■ **WHAT IS REQUIRED**:
Please write out exactly the lines of the data below from the line holding "2005年中國(guó)NG" through the line holding "1 мая планировали", and leave out the rest.

■ **TASK MATERIAL**:
======

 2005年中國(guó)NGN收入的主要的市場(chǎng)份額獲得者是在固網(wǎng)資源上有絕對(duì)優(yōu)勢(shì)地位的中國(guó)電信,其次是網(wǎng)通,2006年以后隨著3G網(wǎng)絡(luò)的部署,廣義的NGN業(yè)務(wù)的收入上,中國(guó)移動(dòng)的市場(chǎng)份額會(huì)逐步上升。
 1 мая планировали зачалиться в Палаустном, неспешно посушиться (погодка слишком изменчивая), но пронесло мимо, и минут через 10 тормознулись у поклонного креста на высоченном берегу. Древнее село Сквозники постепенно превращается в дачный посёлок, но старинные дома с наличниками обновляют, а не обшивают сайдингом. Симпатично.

======

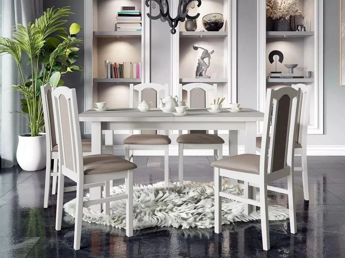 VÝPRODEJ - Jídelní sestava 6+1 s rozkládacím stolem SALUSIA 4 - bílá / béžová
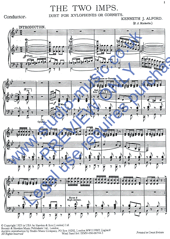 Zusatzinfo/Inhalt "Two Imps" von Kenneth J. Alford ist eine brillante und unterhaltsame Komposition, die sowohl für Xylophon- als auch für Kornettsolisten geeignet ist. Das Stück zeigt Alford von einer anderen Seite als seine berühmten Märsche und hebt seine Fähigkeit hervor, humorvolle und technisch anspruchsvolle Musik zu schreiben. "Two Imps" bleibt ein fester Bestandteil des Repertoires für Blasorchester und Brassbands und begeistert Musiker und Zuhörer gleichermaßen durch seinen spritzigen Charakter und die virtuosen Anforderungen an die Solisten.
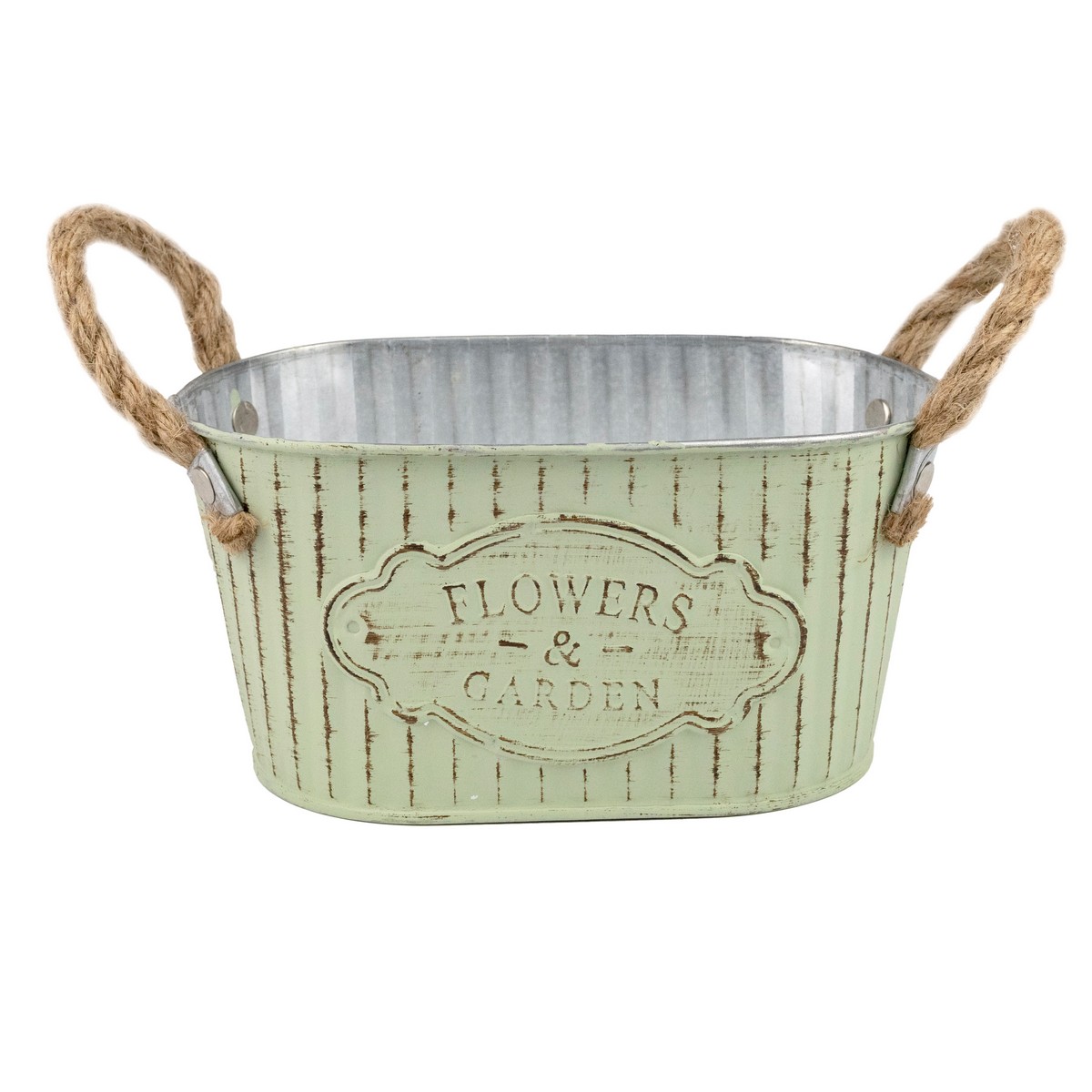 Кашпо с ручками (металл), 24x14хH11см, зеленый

======

■ **RESPONSE BELOW**:
 2005年中國(guó)NGN收入的主要的市場(chǎng)份額獲得者是在固網(wǎng)資源上有絕對(duì)優(yōu)勢(shì)地位的中國(guó)電信,其次是網(wǎng)通,2006年以后隨著3G網(wǎng)絡(luò)的部署,廣義的NGN業(yè)務(wù)的收入上,中國(guó)移動(dòng)的市場(chǎng)份額會(huì)逐步上升。
 1 мая планировали зачалиться в Палаустном, неспешно посушиться (погодка слишком изменчивая), но пронесло мимо, и минут через 10 тормознулись у поклонного креста на высоченном берегу. Древнее село Сквозники постепенно превращается в дачный посёлок, но старинные дома с наличниками обновляют, а не обшивают сайдингом. Симпатично.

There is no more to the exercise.